Serrano A, Dahl E P, Rubin R H, Ferrucci J T, Mueller P R, Malt R A
Arch Surg. 1984 Aug;119(8):942-5. doi: 10.1001/archsurg.1984.01390200060014.
In 196 cases of subphrenic abscess from 1964 through 1979, 56% were attributable to gastric, hepatic, and colonic disease or surgery. Posttraumatic abscesses in younger patients became more frequent. Synchronous suprahepatic and subhepatic abscesses or bilateral abscesses accounted for 19%. Streptococci, Escherichia coli, Klebsiella, and Bacteroides species were the most frequently isolated organisms. Although the overall mortality rate was 40%, the surgical mortality rate decreased from 33% initially to 17% recently. The mortality rate of transperitoneal drainage decreased from 41% to 16%. From 1980 through early 1983, a success rate of 84%, with no fatalities, was achieved in percutaneous radiologic drainage of 25 unilocular abscesses. At present, radiologically guided drainage should be considered for unilocular abscesses and some bilocular ones. Although extraperitoneal, extrapleural surgical drainage remains an expeditious form of treatment, it may give way to radiologic drainage. Transperitoneal drainage is preferable for multifocal abscesses and for many abscesses secondary to complications of intraabdominal surgery.

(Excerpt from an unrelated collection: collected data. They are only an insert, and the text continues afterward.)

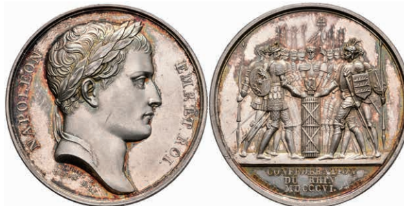
5460 Frankreich, Napoleon, Silbermedaille (Dm. ca. 40,60mm, ca. 38,77g), 1806, von Andrieu und Brenet, auf die Gründung des Rheinbundes. Av: Kopf nach rechts, darum Umschrift. Rev: Schwurszene. Bramsen 534, Slg. Julius 1587, f. st. 400,—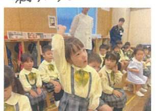
指先が揃、っていて"素敵"だね*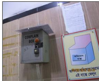
Photo of the inside of the main production hall Complaint box.JPG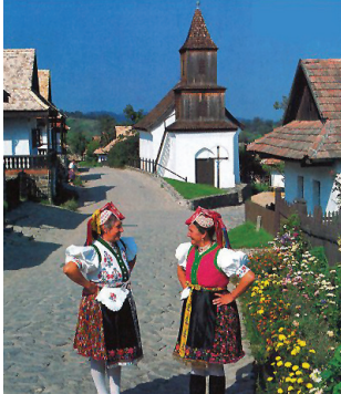
世界遺産ホーロケー村 トルコ系の少数民族が住み、独自の伝統を守っています。

くさり橋 ドナウ川を境にしたブダ地区とペスト地区を初めて結んだのがくさり橋。王宮を背景にライトアップされたくさり橋はまさに絶景。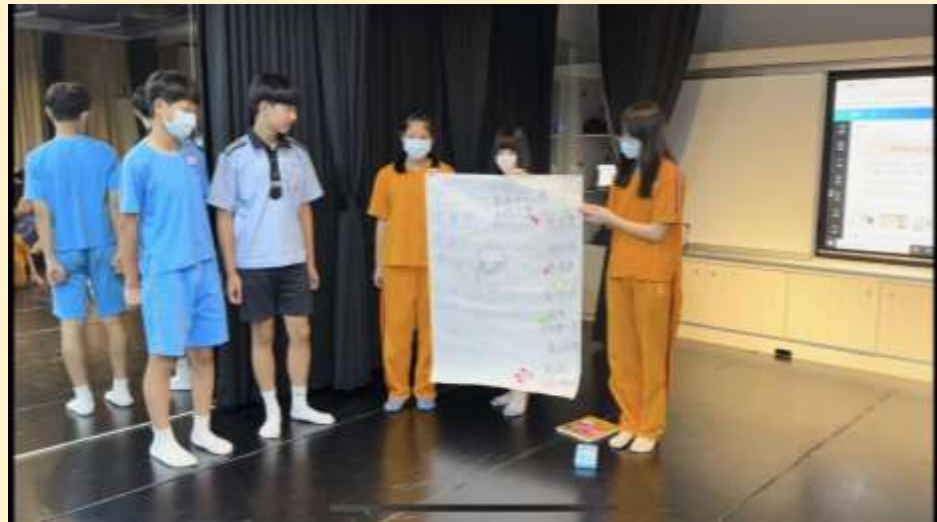
<利用好奇啟動同理活動>提出好奇的兩個印象並推測其需求與想法。

在1964年至1979年间收治的196例膈下脓肿患者中,56%的病例归因于胃、肝和结肠疾病或手术。年轻患者的创伤后脓肿更为常见。同时存在的肝上和肝下脓肿或双侧脓肿占19%。链球菌、大肠杆菌、克雷伯菌和拟杆菌是最常分离出的病原体。尽管总体死亡率为40%,但手术死亡率从最初的33%降至最近的17%。经腹引流的死亡率从41%降至16%。1980年至1983年初,对25例单房脓肿进行经皮放射引流,成功率达84%,无死亡病例。目前,对于单房脓肿和一些双房脓肿,应考虑采用放射引导下引流。尽管腹膜外、胸膜外手术引流仍是一种快速的治疗方式,但可能会被放射引流所取代。经腹引流更适用于多灶性脓肿以及许多因腹部手术并发症继发的脓肿。